> [What the task asks]
Starting with the line that contains "A couple of", repeat each line exactly through the final line of the listing. No picture should appear in the copy.

> [The data]
------------------------

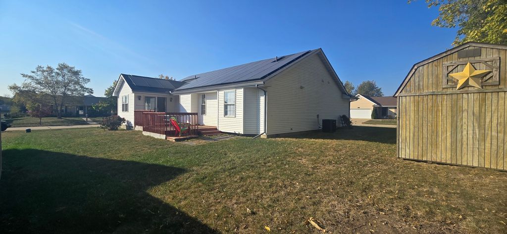 ENERGY EFFICIENT AND it's Ready for YOU to move in today! This home features an open living room with cozy fireplace and vaulted ceilings. Adjoining is the eat-in-kitchen complete with a coffee bar/or regular bar. Access the back yard through the 4 seasons sunroom, and onto the double deck. There are 3 bedrooms and 2 full baths, one is a nicely sized bedroom suite with a private bath and walk in closet. The laundry is off of the kitchen and leads to the 2 car attached garage, AND includes washer and dryer! Take advantage of the Energy Efficient Windows, NEW Roof 2022, and the Solar Panels. No gas to home, ALL electric ENERGY savings in this home! Various other updates throughout to enjoy too.
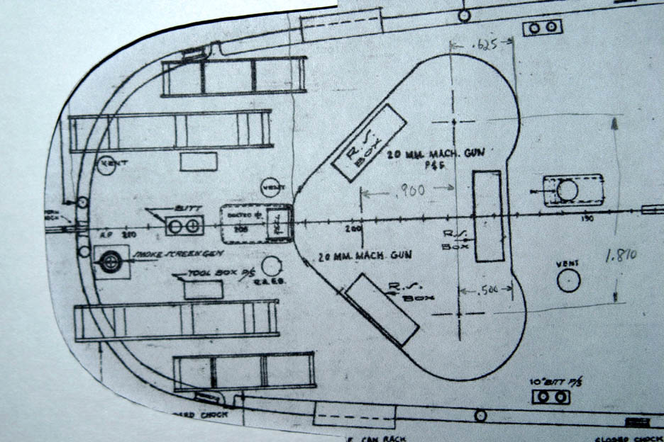 A couple of posts back you attached a photo of the rear deck blueprint which included the heart-shaped tub for the triple 20mm guns. Is this the same tub which they used for the conversion to handle 3 40mm twin Bofors? Or was that 40mm tub larger?
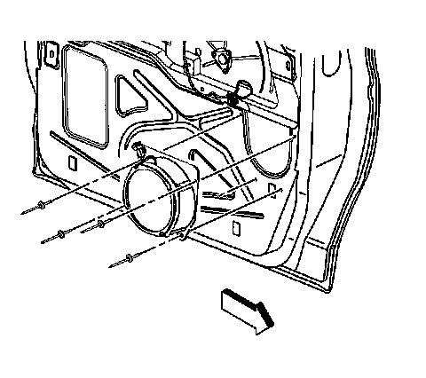 1. Remove the front door trim panel. Refer to Front Side Door Trim Panel Replacement Front Side Door Trim Panel Replacement.

------------------------

> [Solution to the problem]
 A couple of posts back you attached a photo of the rear deck blueprint which included the heart-shaped tub for the triple 20mm guns. Is this the same tub which they used for the conversion to handle 3 40mm twin Bofors? Or was that 40mm tub larger?
 1. Remove the front door trim panel. Refer to Front Side Door Trim Panel Replacement Front Side Door Trim Panel Replacement.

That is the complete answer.